Olhei no rótulo, mas vi escrito “prebióticos” ou “pós-bióticos”. São a mesma coisa?
Não, não são, apesar de todos estes termos estarem relacionados. Os probióticos são os micro-organismos, principalmente bactérias e fungos, que desempenham um papel benéfico em nosso organismo. Enquanto os prebióticos são as substâncias que estes micro-organismos utilizam como fonte de energia para crescerem, ou seja, são o seu alimento. Alguns representantes destas substâncias são os açúcares como o xilitol, a ramnose e os polímeros conhecidos como frutooligossacarídeos (FOS). Estes ingredientes podem estar presentes nos seus cosméticos justamente para alimentar a sua microbiota cutânea natural.
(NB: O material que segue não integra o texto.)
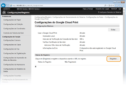 É necessário ativar o Google Cloud Print. Clique em [Editar], selecione a caixa de verificação [Usar o Google Cloud Print] e clique em [OK].
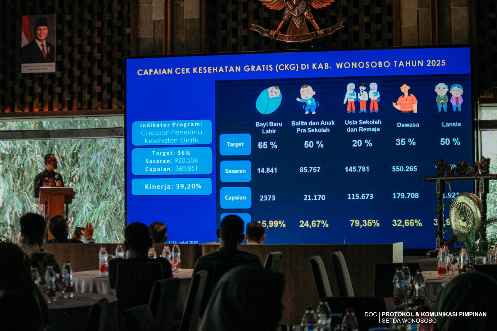 Capaian tersebut dipaparkan dalam agenda evaluasi dan *kick-off* CKG 2026 di Kabupaten Wonosobo pada Rabu (22/4/2026). Angka realisasi Wonosobo berhasil melewati target awal 36 persen, sekaligus berada di atas rata-rata pencapaian Provinsi Jawa Tengah yakni 37,73 persen.
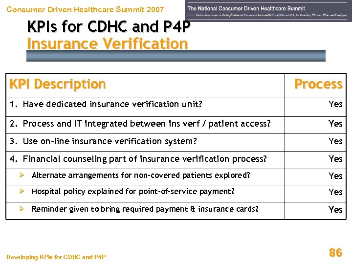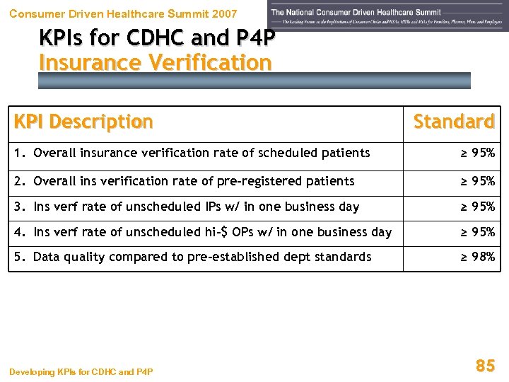 Consumer Driven Healthcare Summit 2007 KPIs for CDHC and P 4 P Insurance Verification KPI Description Standard 1. Overall insurance verification rate of scheduled patients ≥ 95% 2. Overall ins verification rate of pre-registered patients ≥ 95% 3. Ins verf rate of unscheduled IPs w/ in one business day ≥ 95% 4. Ins verf rate of unscheduled hi-$ OPs w/ in one business day ≥ 95% 5. Data quality compared to pre-established dept standards ≥ 98% Developing KPIs for CDHC and P 4 P 85

Já os pós-bióticos são as substâncias liberadas pelos probióticos, ou seja, são os produtos do seu metabolismo – enzimas, ácidos orgânicos, peptídeos e polissacarídeos, os quais também atuam no reforço da barreira cutânea. Utilizar cremes com pós-bióticos apresentam um efeito similar a estimular o aumento da população de probióticos na pele, pois os micro-organismos acabariam produzindo estas substâncias.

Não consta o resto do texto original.